Eliyle kafasını tutarak yürümeye başladı, oturma odasına doğru geldiğinde kendisine değişik bir ifade ile bakan Emir'i gördü. Daha çok canavar görmüş gibi bakıyordu. Neden böyle bir ifade ile baktığını anlamıyordu.
"Ne oluyor hayalet falan mı gördün?"
"Yooo bir şey olmadı neden olsun?"
"Buraya beni sen mi getirdin?
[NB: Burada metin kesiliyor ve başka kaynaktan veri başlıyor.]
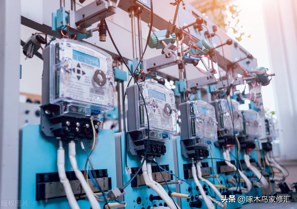 电气面板、电表和断路器。Electrical panel, electric meter and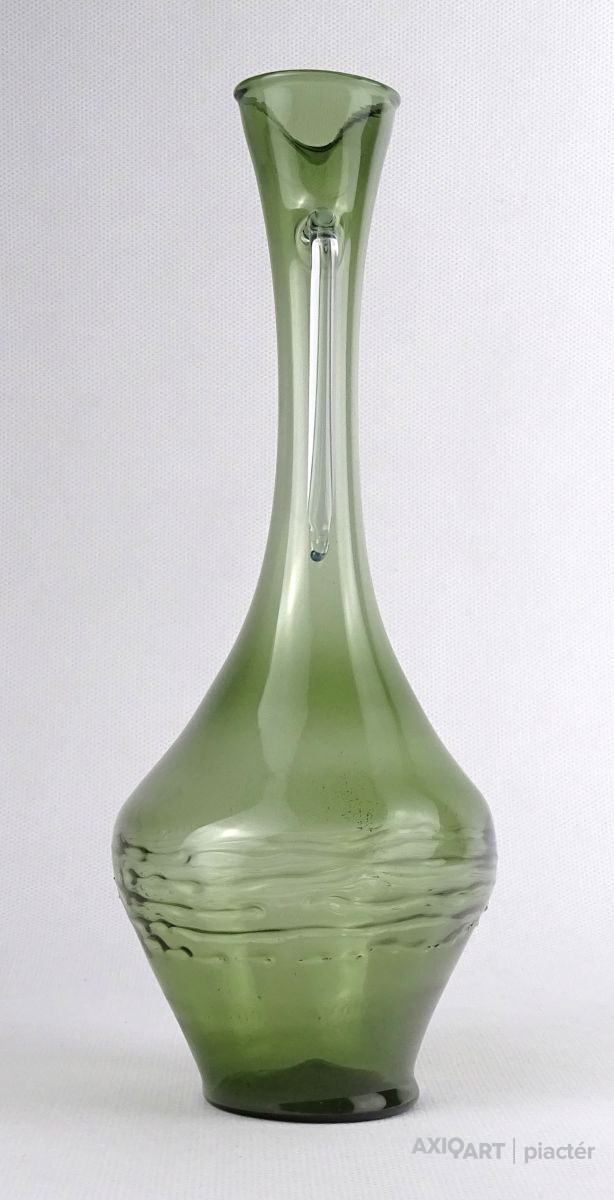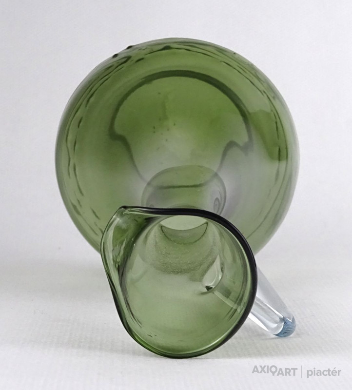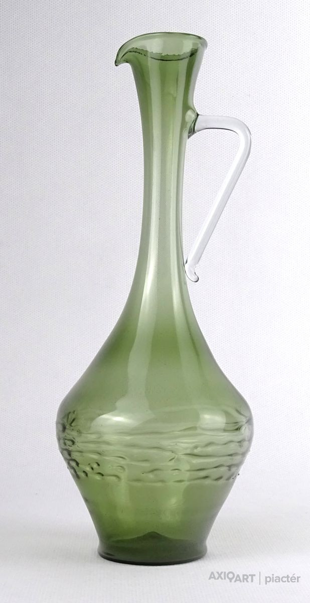 Hibátlan zöld színű fújt muranoi üveg kancsó 21.5 cm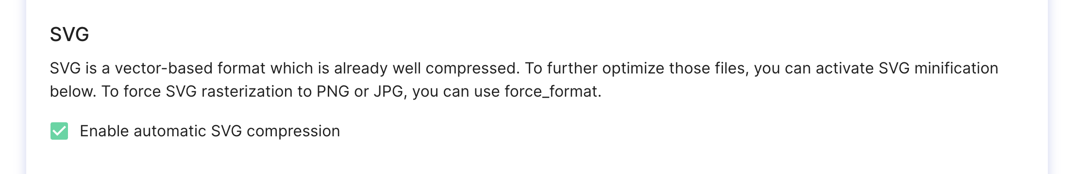 | ![](https://content.gitbook.com/content/IDIcmPiz7q6Sr6ZHHQxV/blobs/SSUlnHeV3FeaUaIKXlNV/image.png) | <p>Compressed SVG (221 bytes):<br><a href="https://doc.cloudimg.io/https://samples.scaleflex.com/5603.svg?force_format=svg"><https://samples.scaleflex.com/5603.svg?force_format=svg></a></p> |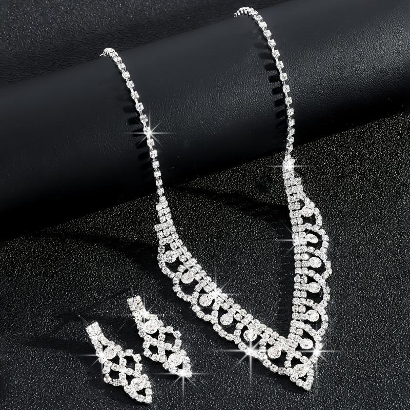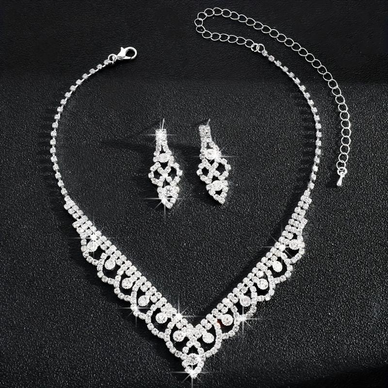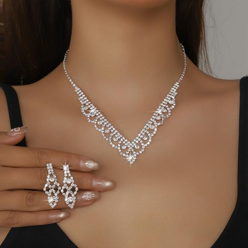 Stunning set with rhinestone petals, copper base and golden plating. Perfect for everyday elegance or special events.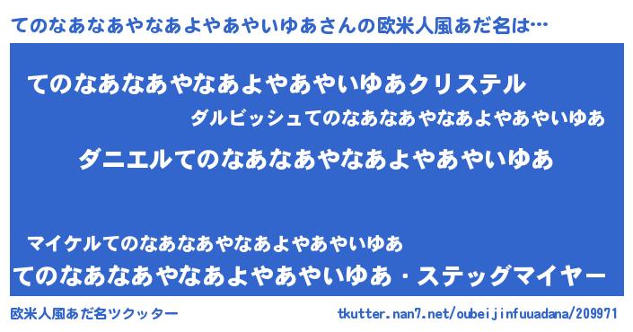 | 男性向けラノベタイトル風あだ名 | 『ノーゲーム・ノーテノナアナアヤナアヨヤアヤイユア』 |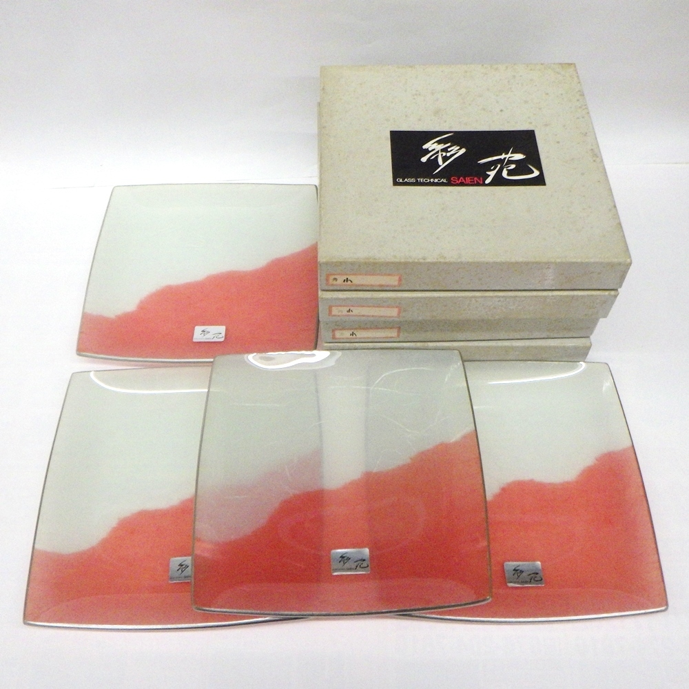 > SI-57【未使用4枚セット】彩苑 かのぎやまん 薄紅 角(中) ガラス皿 スクエアプレート 和紙模様 中サイズ 23.5×23.5cm 正方形 保管品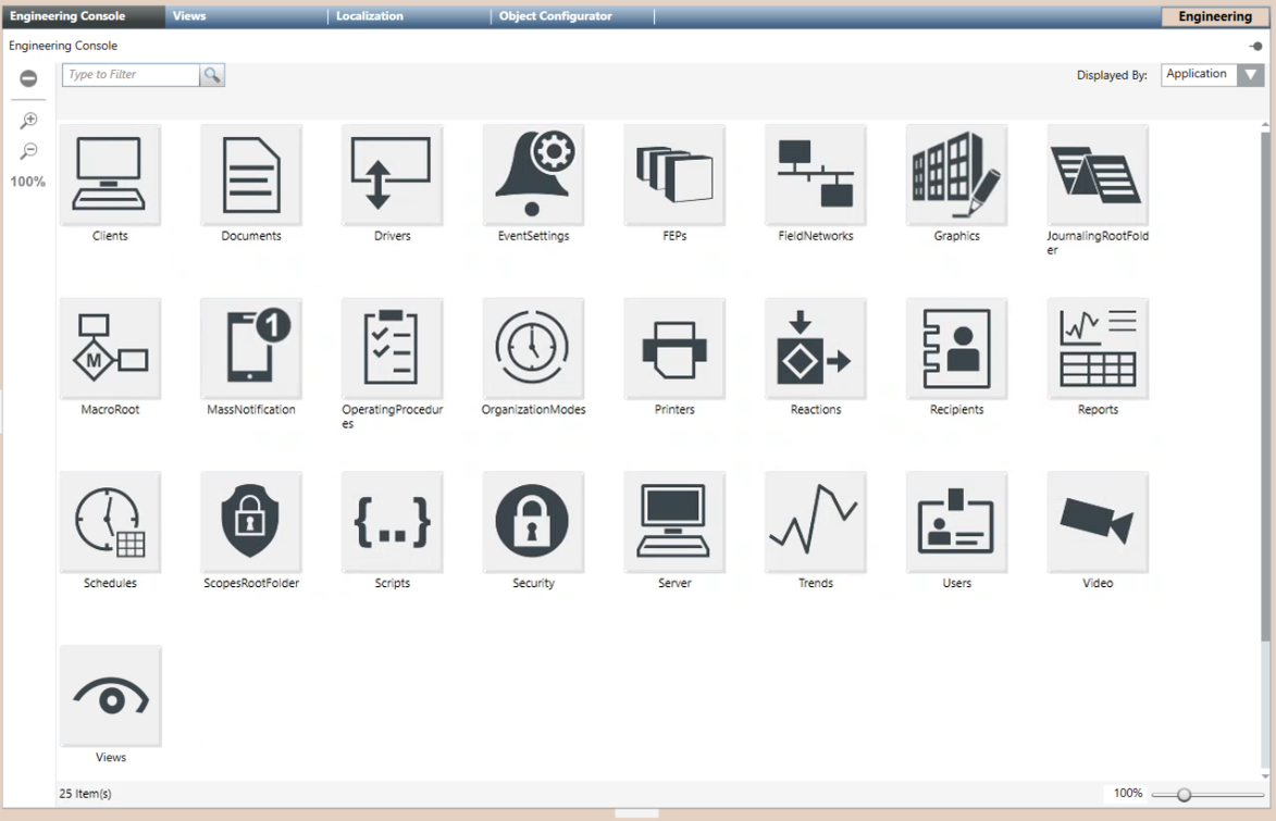 The application view of the Engineering Console provides a flat grid of icons for quickly navigating to the most commonly used configuration applications.
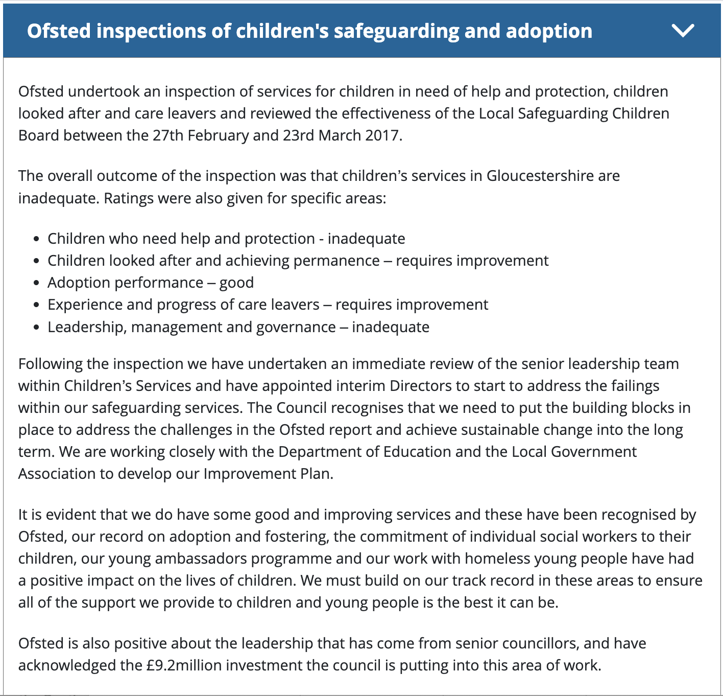 Gloucestershire council sorry for 'serious failings' in children’s services (Guardian 2017) https://www.theguardian.com/society/2017/jun/13/gloucestershire-council-sorry-serious-failings-childrens-services-ofsted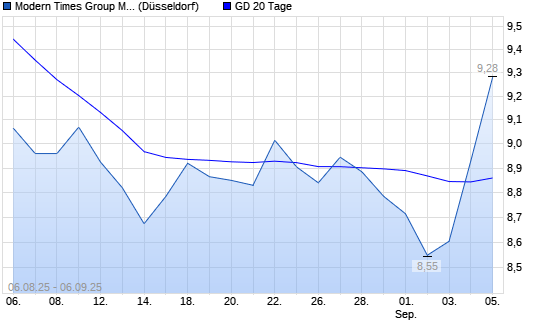 Mit dem Anstieg auf 8,98 EUR hat die Modern Times Group B-Aktie am 05.09.2025 die 20-Tage-Linie nach oben gekreuzt.Die Modern Times Group B-Aktie befindet sich seit dem 21.07.2025 ...weiterlesen

Bir dakika beni nasıl buldun?"
"Hatırlamıyor musun?"
"Dün en son yürüdüğümüz hatırlıyorum."
"Siktir ya!"
"Ne oldu?"
"Hiçbir şey mi hatırlamıyorsun?"
"Evet ne oldu ki?"
"O zaman sana o kızın beni öptüğünü ve daha sonra onu kovduğumu söylediğimi de hatırlamıyorsundur."
"Açıklama yapmak zorunda değilsin. Dün çok saçmaladım mı? Ne dedim?"
"Saçma şeyler değildi. Sadece...
Eymen ne diyeceğini merakla bekliyordu. Emir kafasını aşağı eğerek konuştu. Şu an ondan aşırı derece de utanıyordu.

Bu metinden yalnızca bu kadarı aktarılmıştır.